The Intel oneAPI Rendering Toolkit is a set of open-source libraries that enables the creation of high-performance, high-fidelity, and cost-effective visualization applications and solutions. The toolkit supports Intel CPUs and future Xe architectures (GPUs). It includes the award-winning Intel® Embree, Intel® Open Image Denoise, Intel® Open Volume Kernel Library, Intel® OSPRay, Intel® OpenSWR, and other components and utilities.
The reason that Intel oneAPI adds value in this context is that it enables programmers to ignore the hardware running their code and concentrate on the details of the functions themselves. In addition, it theoretically makes code “portable” between different hardware architectures, from FPGA to ASIC, CPU to GPU.

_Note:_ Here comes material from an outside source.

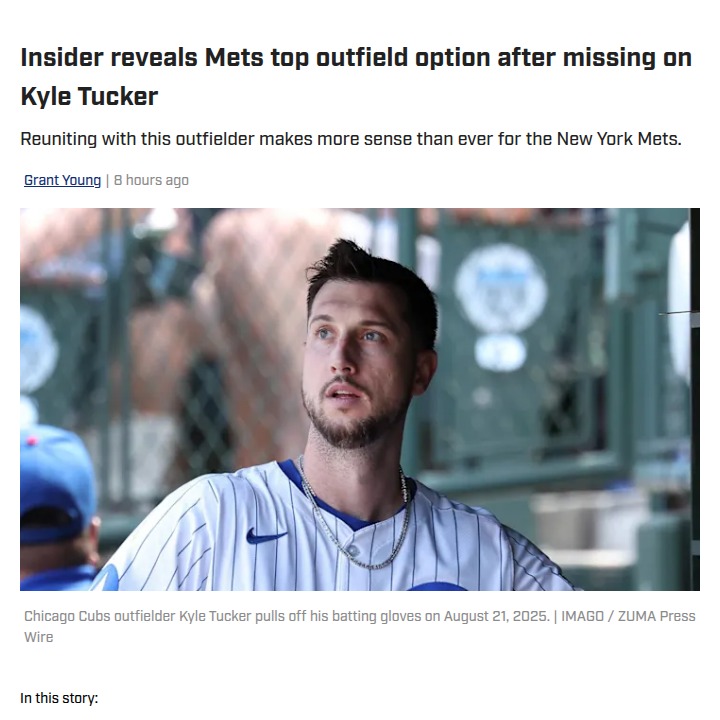 Catherine Reeves+FollowMets pivot after losing Kyle Tucker to DodgersKyle Tucker just signed a massive $240 million deal with the Dodgers, leaving Mets fans wondering what’s next for New York’s outfield. The Mets made a strong push but fell short, then quickly grabbed Bo Bichette to boost their infield. But the outfield gap remains. Now, insiders are floating the idea of bringing back Harrison Bader, who had a standout run with the Phillies last season. Would a Bader reunion be enough, or should the Mets go all-in for someone like Cody Bellinger? Let’s hear your thoughts on the Mets’ next move! #Sports #Baseball #Mets00Share

The Cambridge Open Zettascale Lab is a designated “center of excellence” for courses and workshops related to Intel oneAPI, offering a range of courses to train programmers. In addition, the team at Cambridge is porting significant exascale and zettascale candidate codes to oneAPI, including CASTEP, FEniCS, and AREPO.
As Robert Maskell, Director of High-Performance Computing, Modelling and Simulation at Intel explains: “Intel oneAPI is [the key to] getting people to think about open programming. So, when they're writing a program, they can write it once and it runs on many different architectures. This is because Intel oneAPI takes that code and says: ‘I want to run that on a CPU or GPU, and ASIC or an FPGA,’ and then compiles that code to run it on whatever architecture that you choose to run.
“Intel oneAPI is an open program, so others are invited to join. The idea at Cambridge is not only to train the Cambridge team on how to use Intel oneAPI, but also to get that team to go out and do industrial engagement.”
Wider Challenges for the HPC Future
The direction of travel towards zettascale computing is well underway, with the recent announcement (June 2022) that the 1.1 exaflop Frontier supercomputer at Oak Ridge National Laboratory was able to demonstrate performance of more than 1018 (1 quintillion) operations per second in standardized tests.3
Not far behind, at the US Department of Energy (DOE) Argonne National Laboratory, engineers are building the Aurora supercomputer. This is a two exaflop system based on Intel technologies including: Intel® Xeon® Scalable processors, Intel’s Xe Architecture, and Intel oneAPI toolkits.4
The challenges that face engineers, scientists, and programmers in the world of exascale are considerable, and unprecedentedly broad. From battling the physics involved in such powerful machines—huge power demands, intense cooling requirements and dedicated spaces to operate and maintain the hardware, through to the demands of middleware, networking and storage, the field is extraordinarily complex in every respect.